There are a lot of Descriptor related classes, we will take Csv as an example:

class Csv(FormatDescriptor):

  def __init__(self):

      self._j_csv = _jvm.org.apache.flink.table.descriptors.Csv()

      super(Csv, self).__init__(self._j_csv)

  def field_delimiter(self, delimiter):

      self._j_csv.fieldDelimiter(delimiter)

      return self

  def line_delimiter(self, delimiter):

      self._j_csv.lineDelimiter(delimiter)

      return self

  def quote_character(self, quoteCharacter):

      self._j_csv.quoteCharacter(quoteCharacter)

      return self

  def allow_comments(self):

      self._j_csv.allowComments()

      return self

  def ignore_parse_errors(self):

      self._j_csv.ignoreParseErrors()

      return self

  def array_element_delimiter(self, delimiter):

      self._j_csv.arrayElementDelimiter(delimiter)

      return self

  def escape_character(self, escape_character):

      self._j_csv.escapeCharacter(escape_character)

      return self

  def null_literal(self, null_literal):

      self._j_csv.nullLiteral(null_literal)

      return self

UDFs Interface

UserDefinedFunction

class UserDefinedFunction(object):

  """

  An interface for writing python user defined function

  """

  __metaclass__ = ABCMeta

  def open(self, *args):

      pass

  def close(self, *args):

      pass

  def is_deterministic(self):

      return True

ScalarFunction

class ScalarFunction(UserDefinedFunction):

  @abstractmethod

  def eval(self, *args):

      """Please define your implementation"""

TableFunction

class TableFunction(UserDefinedFunction):

  @abstractmethod

  def eval(self, *args):

      """Please define your implementation"""

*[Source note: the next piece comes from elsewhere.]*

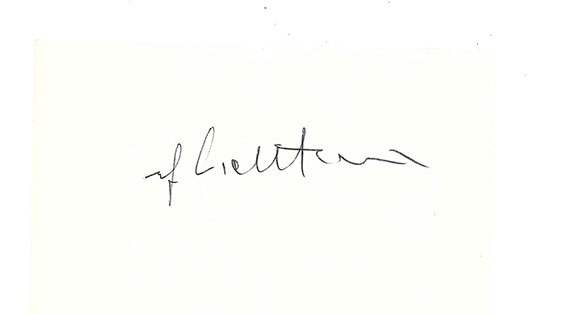 LICHTENSTEIN, Roy (1923-1997). American Pop Artist who found fame worldwide. His painting “Torpedo” sold at Christies for a world record 5.5 million dollars. A very uncommon signature well centered on a 3”x5” card. A wonderful example to frame along with your favorite Lichtenstein print................$95.00 |

  def collect(self, element):

      pass

AggregationFunction

class AggregateFunction(UserDefinedFunction):

  """

  optional methods:

  def accumulate(self, accumulator, *args):

      pass

  def retract(self, accumulator, *args):

      pass

  def merge(self, accumulator, other_accumulators):

      pass

  """

  @abstractmethod

  def create_accumulator(self):

      """Please define your implementation"""

  @abstractmethod

  def get_value(self, accumulator):

      """Please define your implementation"""

Decorators

  • udf: used for ScalarFunction
  • udtf: used for TableFunction
  • udaf: used for AggregateFunction

...

NOTE: The decorators may change according to FLIP-37

DataView

class DataView(object):

  """

  An interface for defining DataView

  """

  __metaclass__ = ABCMeta

  @abstractmethod

  def clear(self):

      pass

MapView

class MapView(DataView):

  def __init__(self, key_type, value_type):

      self.key_type = key_type

      self.value_type = value_type

  def get(self, key):

      return _NoValue

  def put(self, key, value):

      pass

  def put_all(self, map):

      pass

  def remove(self, key):

      pass

  def contains(self, key):

      return _NoValue

  def entries(self):

      return _NoValue

  def keys(self):

      return _NoValue

  def values(self):

      return _NoValue

  def iterator(self):

      return _NoValue

ListView

class ListView(DataView):

  def __init__(self, element_type):

      self.element_type = element_type

  def get(self):

      return _NoValue

  def add(self, value):

      pass

  def add_all(self, values):

      pass

Expression

Expression API will be not supported in the initial version as there is an ongoing work of introducing Table API Java Expression DSL. Python Expression API will leverage that and supported once that work is done.

DIST

Create a python directory in the published opt directory. The contents of python are as follows:

...

    The detail can be found in the Job Submission section.

Docs

  • Add the description of `flink run -py xx.py` in CLI
  • Add rest service API for submit job
  • Add a Python REPL submenu under the Deployment & Operations directory to add documentation for the python shell.
  • Add Python Table API doc in current TableAPI doc
  • Add Common concepts doc for Python Table API, in Basic concepts doc
  • Add pythondocs at the same level as javadocs and scaladocs
  • Add Python UDFs documents
  • etc.

Examples

User-Defined Scalar Function

  • Scalar Function definition

...

my_udf = TrimFunction()

t_env.register_function('trim', my_udf)

source = ...

result = source.select("trim(a) as a")

User-Defined Table Function

  • Table Function definition

...

my_udtf = SplitTableFunction()

t_env.register_function('split', my_udtf)

source = ...

source.join_lateral('split(a) as (word)').select("word").group_by("word").select("word, word.count  as word_count")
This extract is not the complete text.